Concepts¶
Root directories¶
The most important concept for scilo is "root directories".
These are directories that should be present at the root of your project that organize your files into different functions.
Code¶
This folder contains all the code used to process files from data, perform statistical analyses, create visualizations, and save the outputs in results. Generally, this directory contains a series of subdirectories, each of which contain a set of related scripts for a single research question. For example, each subdirectory may contain:
- a workflow file (e.g.
SnakefileorNextflow), - a data pre-processing script,
- a statistical analysis and calculation script, or
- a plotting script
An example code directory is:
code/
├─ YYYY-mm-dd_first-analysis/
│ ├─ plot.r
│ ├─ preprocess.py
│ ├─ README.md
│ └─ Snakefile
│
├─ YYYY-mm-dd_second-analysis/
│ ├─ analysis.java
│ ├─ main.nf
│ ├─ plot.r
│ └─ README.org
└─ README.md
Data¶
All raw and processed data should be found within this directory. The datasets located here will then be sourced by code within the code directory and used to generate outputs in the results directory.
An example data directory is:
data/
├─ dataset1/
│ ├─ data.tsv
│ ├─ metadata.tsv
│ └─ README.md
├─ dataset2_soft-link
├─ dataset3/
│ ├─ raw_data.parquet
│ ├─ README.md
│ ├─ processed_data.csv
│ └─ processing_script.py
└─ README.md
Results¶
Code and scripts in the code directory should create outputs in this directory to ensure a separation of inputs, code, and outputs. Generally, this directory contains a series of subdirectories, each of which will contain all the outputs originating from the code in the corresponding code subdirectory.

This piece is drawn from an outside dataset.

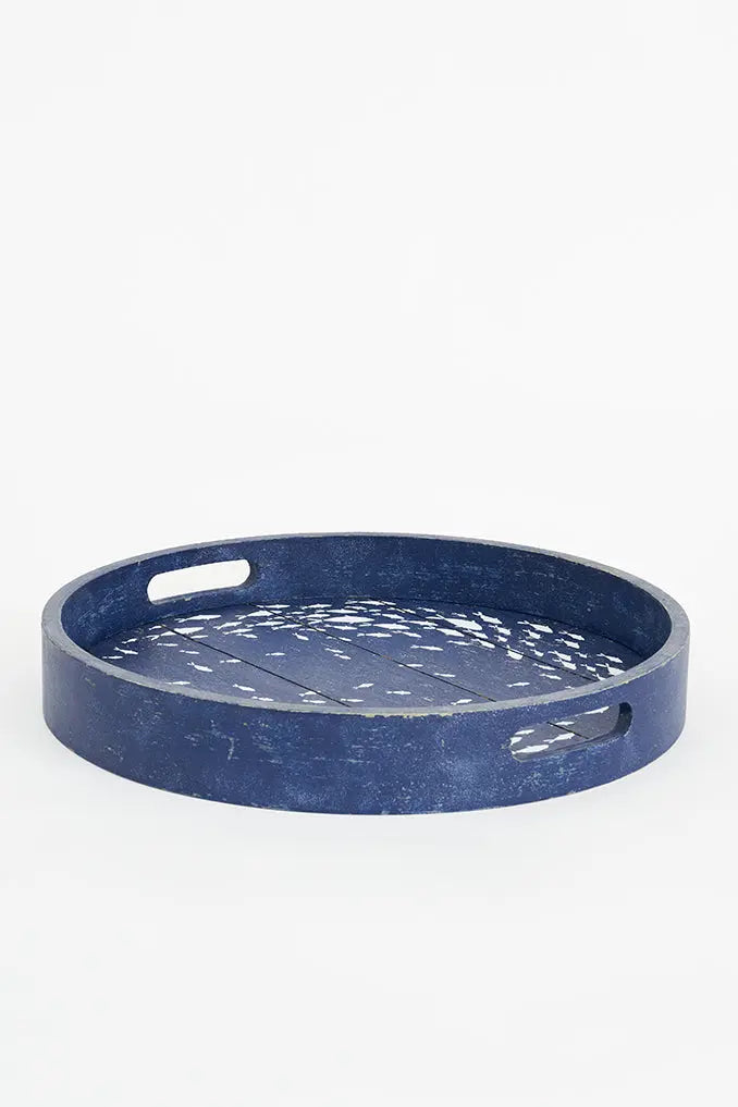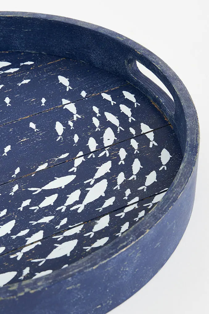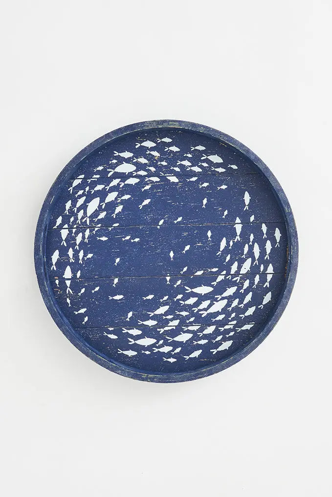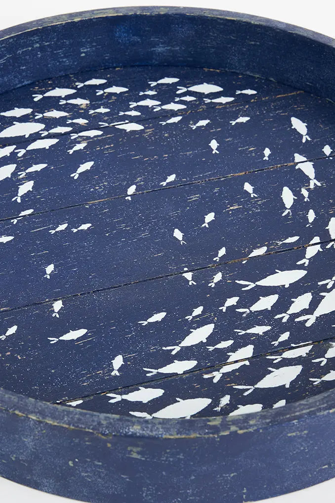 Bandeja de madera redonda azul: elegancia y encanto marino añade un toque de elegancia y encanto marino a tu espacio con nuestra bandeja de madera redonda azul. El diseño en tonos azules y el banco de pequeños peces le confieren un estilo náutico distintivo. Perfecta para servir aperitivos, bebidas o simplemente como elemento decorativo, esta bandeja es versátil y atractiva. Dimensiones: h: 6 cm – ø: 38 cm.

An example code and results directory is:
project_root/
├─ code/
│ ├─ YYYY-mm-dd_first-analysis/
│ │ ├─ plot.r
│ │ ├─ preprocess.py
│ │ ├─ README.md
│ │ └─ Snakefile
│ │
│ └─ YYYY-mm-dd_second-analysis/
│ ├─ analysis.py
│ ├─ plot.r
│ ├─ README.org
│ └─ main.nf
│
└─ results/
├─ YYYY-mm-dd_first-analysis/
│ ├─ figure.png
│ └─ preprocessed_data.tsv
│
└─ YYYY-mm-dd_second-analysis/
├─ data1.tsv
├─ data2.tsv
├─ data3.tsv
├─ figure1.png
├─ figure2.png
└─ figure3.png
External¶
In many research projects you will need a package manifest, like a Nix expression or an Anaconda recipe. Alternatively, you may need to vendor a copy of some external code using a git submodule. This folder can be used to house all of the relevant code so as to not populate the custom code present in code.
Documentation¶
Documentation such as a manuscript, experimental descriptions from contract research organizations, or software user guides can go in this directory. Interactive HTML notebooks like Jupyter, R Markdown, or Quarto that render or explain the data, but don't create artefacts that belong in results, could also go here. Data that belongs in data or notebooks which process data that belong in code should not be placed in here.
Required files¶
You may want certain directories to contain specific files.
An example would be a README.md file located in every data subdirectory, or a Snakefile in every code subdirectory.
You can specify what files are required in different parts of the project depending on your workflow and needs by setting the configuration file.